Saved data entries:
+ + + +

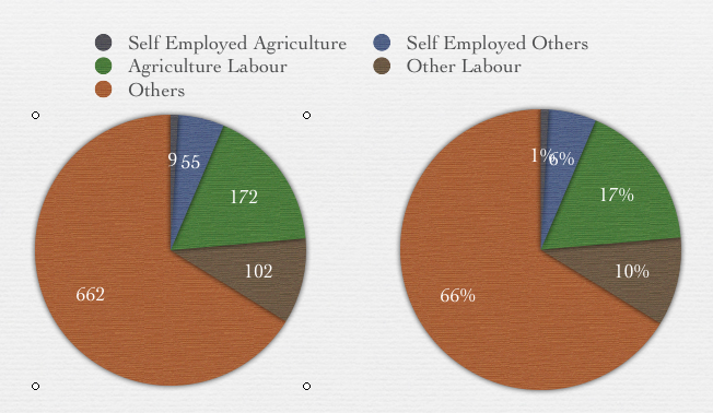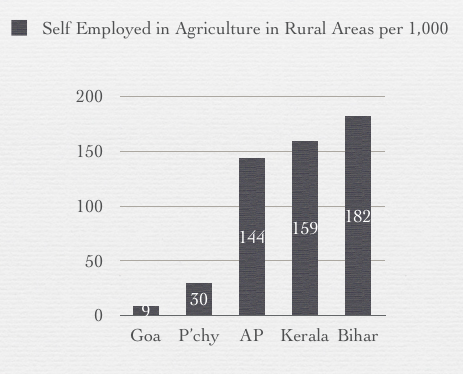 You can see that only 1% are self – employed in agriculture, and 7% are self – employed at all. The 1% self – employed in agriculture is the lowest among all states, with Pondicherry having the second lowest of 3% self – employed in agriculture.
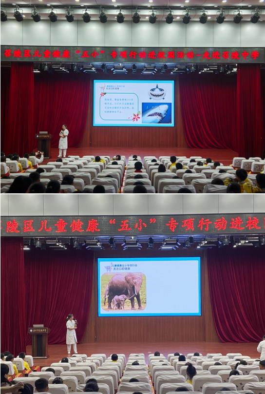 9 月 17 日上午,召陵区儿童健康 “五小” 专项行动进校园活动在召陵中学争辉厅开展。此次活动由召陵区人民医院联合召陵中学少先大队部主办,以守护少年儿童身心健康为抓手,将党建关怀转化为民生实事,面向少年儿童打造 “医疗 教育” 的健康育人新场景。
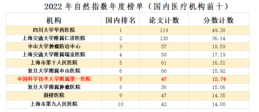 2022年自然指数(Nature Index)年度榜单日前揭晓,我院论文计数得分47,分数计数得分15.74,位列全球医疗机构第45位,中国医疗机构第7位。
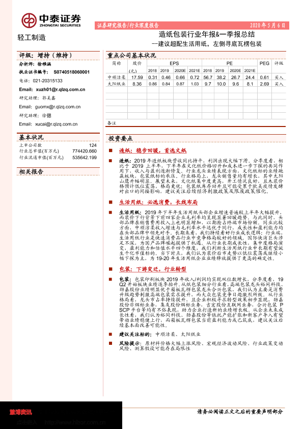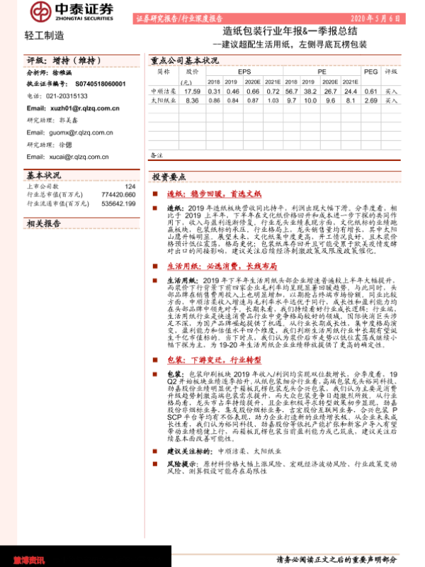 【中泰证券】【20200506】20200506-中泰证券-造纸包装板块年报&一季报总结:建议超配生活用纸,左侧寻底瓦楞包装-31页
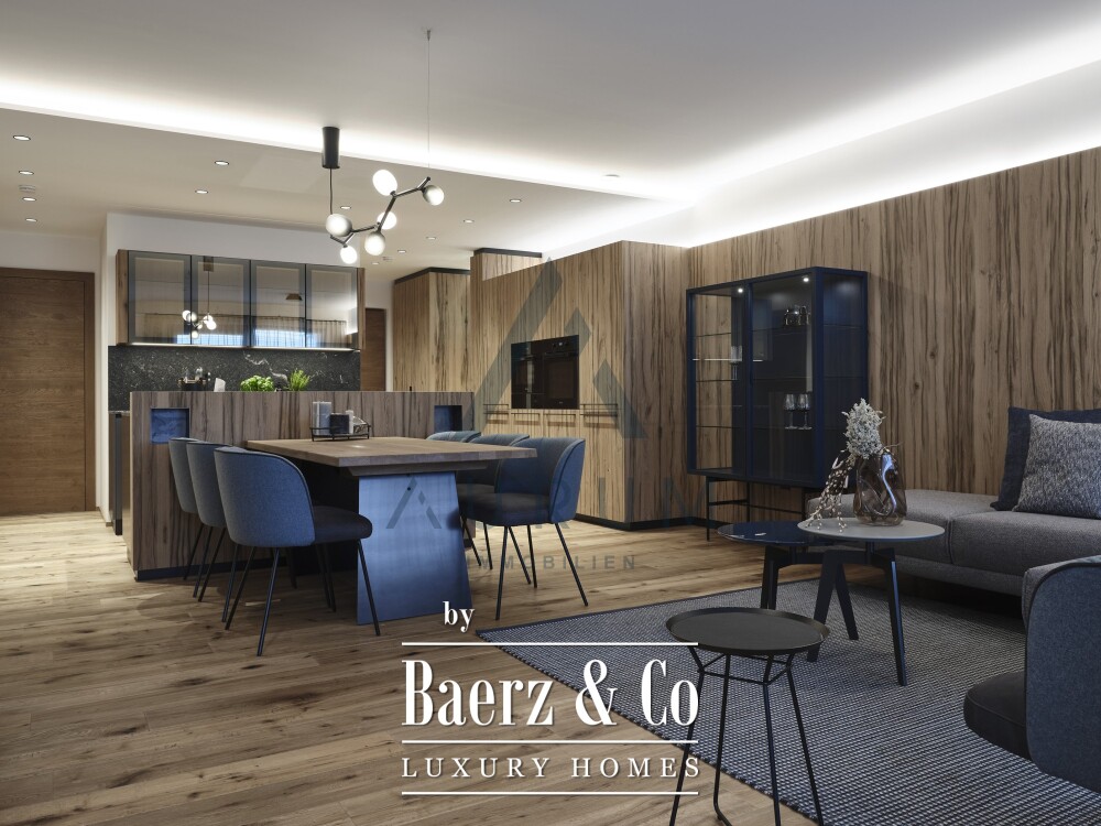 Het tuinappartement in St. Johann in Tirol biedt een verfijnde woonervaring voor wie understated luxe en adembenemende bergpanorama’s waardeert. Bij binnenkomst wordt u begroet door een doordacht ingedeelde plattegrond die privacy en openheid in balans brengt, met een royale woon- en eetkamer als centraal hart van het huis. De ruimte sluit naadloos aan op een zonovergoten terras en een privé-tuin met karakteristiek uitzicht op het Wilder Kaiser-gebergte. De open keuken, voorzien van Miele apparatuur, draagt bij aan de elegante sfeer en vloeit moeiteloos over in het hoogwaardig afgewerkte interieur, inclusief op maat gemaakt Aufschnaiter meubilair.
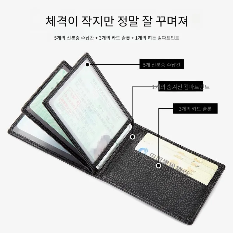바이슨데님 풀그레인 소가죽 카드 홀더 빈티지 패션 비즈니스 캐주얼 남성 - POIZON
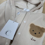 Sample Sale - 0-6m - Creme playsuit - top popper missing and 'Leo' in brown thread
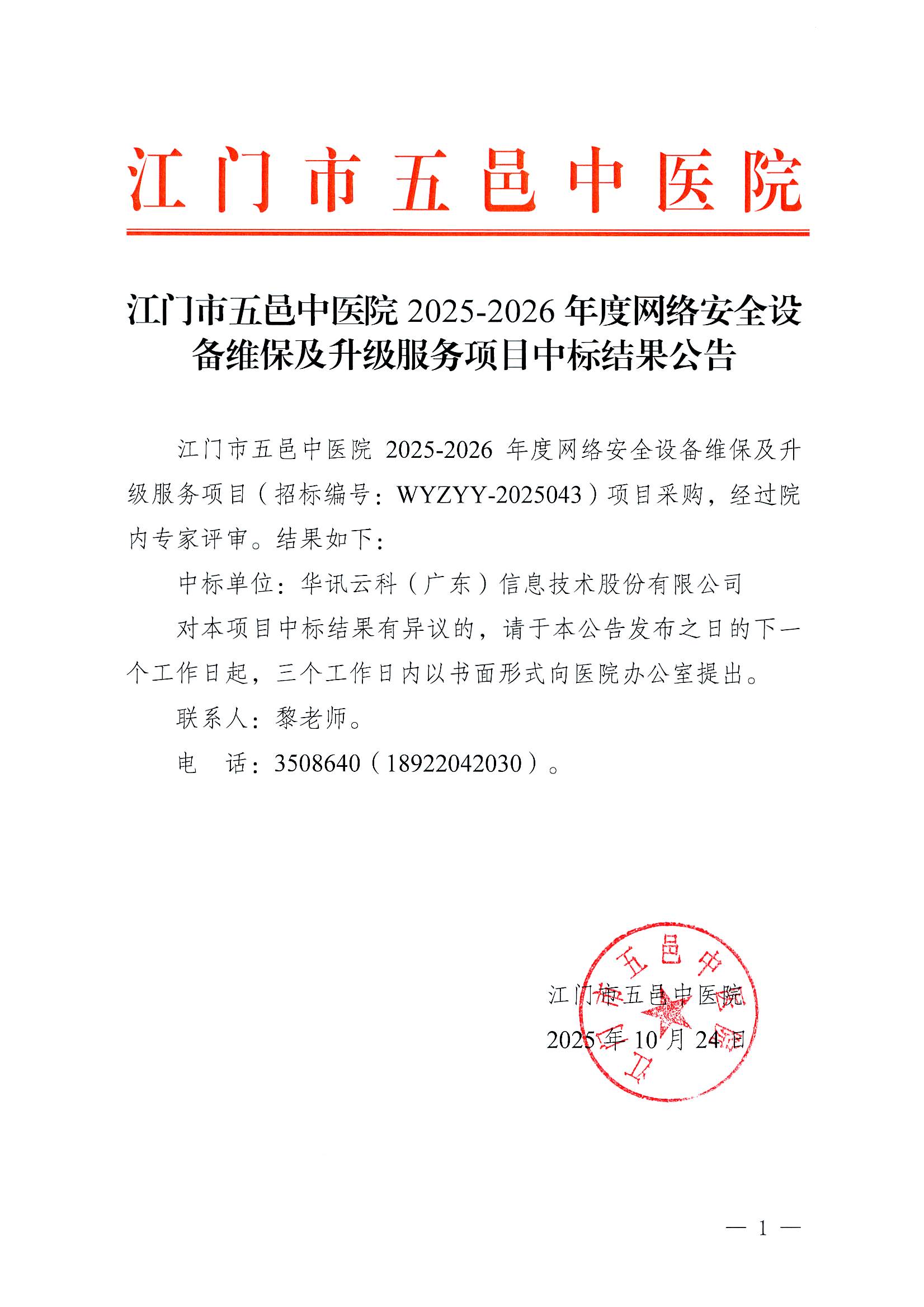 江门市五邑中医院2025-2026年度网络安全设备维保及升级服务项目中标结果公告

+ + + +

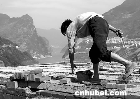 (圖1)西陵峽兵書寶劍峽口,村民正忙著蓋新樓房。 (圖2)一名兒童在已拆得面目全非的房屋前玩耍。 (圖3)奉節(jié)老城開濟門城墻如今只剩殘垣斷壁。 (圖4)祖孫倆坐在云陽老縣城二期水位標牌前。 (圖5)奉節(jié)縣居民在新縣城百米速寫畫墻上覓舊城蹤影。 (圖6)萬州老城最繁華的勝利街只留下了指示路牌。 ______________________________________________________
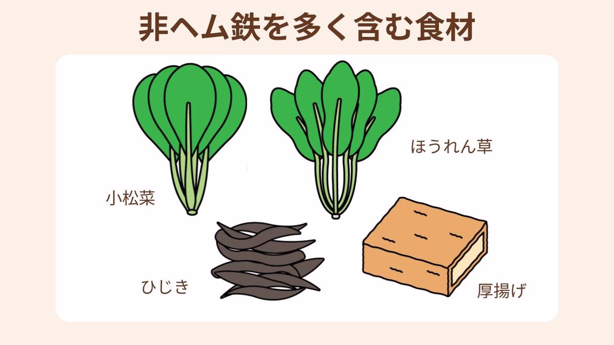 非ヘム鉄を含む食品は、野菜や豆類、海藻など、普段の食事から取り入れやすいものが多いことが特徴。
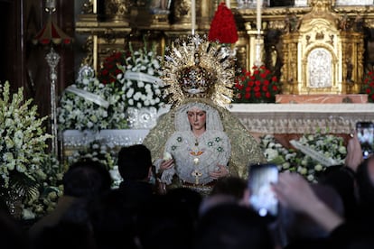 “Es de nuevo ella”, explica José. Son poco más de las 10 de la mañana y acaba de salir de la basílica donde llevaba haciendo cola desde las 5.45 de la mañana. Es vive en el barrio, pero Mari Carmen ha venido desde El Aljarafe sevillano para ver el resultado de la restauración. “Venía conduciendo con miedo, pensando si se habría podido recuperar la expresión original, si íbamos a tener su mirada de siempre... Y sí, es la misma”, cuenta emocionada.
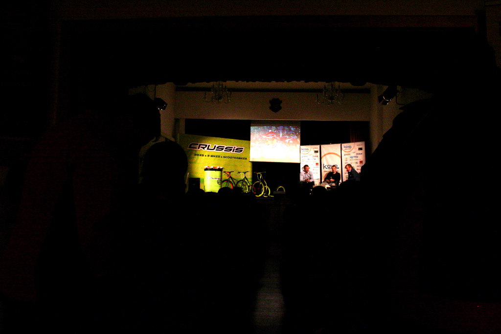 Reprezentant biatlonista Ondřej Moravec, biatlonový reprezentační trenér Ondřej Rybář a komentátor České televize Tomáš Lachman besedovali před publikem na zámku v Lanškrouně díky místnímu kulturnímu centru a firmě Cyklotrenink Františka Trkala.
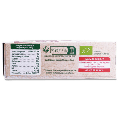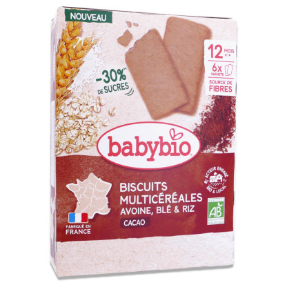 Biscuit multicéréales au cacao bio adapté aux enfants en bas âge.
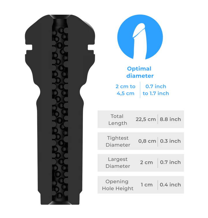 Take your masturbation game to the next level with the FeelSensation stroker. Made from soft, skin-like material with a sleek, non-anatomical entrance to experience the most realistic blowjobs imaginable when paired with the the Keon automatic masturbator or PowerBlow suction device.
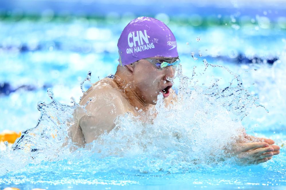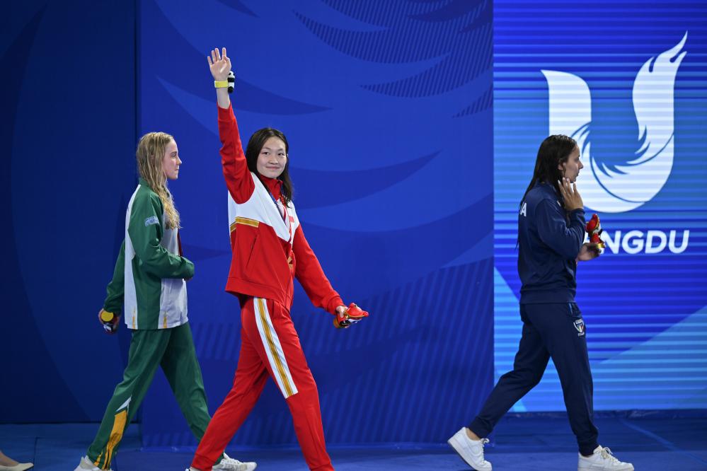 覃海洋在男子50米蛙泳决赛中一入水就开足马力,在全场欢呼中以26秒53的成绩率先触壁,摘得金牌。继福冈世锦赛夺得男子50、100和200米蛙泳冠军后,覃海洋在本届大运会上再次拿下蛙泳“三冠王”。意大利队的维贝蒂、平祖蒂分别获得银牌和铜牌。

+ + + +

Without the pictures, set down the lines above from the line with "Reprezentant biatlonista Ondřej" up to and including the line with "Biscuit multicéréales au" exactly as they stand.

 Reprezentant biatlonista Ondřej Moravec, biatlonový reprezentační trenér Ondřej Rybář a komentátor České televize Tomáš Lachman besedovali před publikem na zámku v Lanškrouně díky místnímu kulturnímu centru a firmě Cyklotrenink Františka Trkala.
 Biscuit multicéréales au cacao bio adapté aux enfants en bas âge.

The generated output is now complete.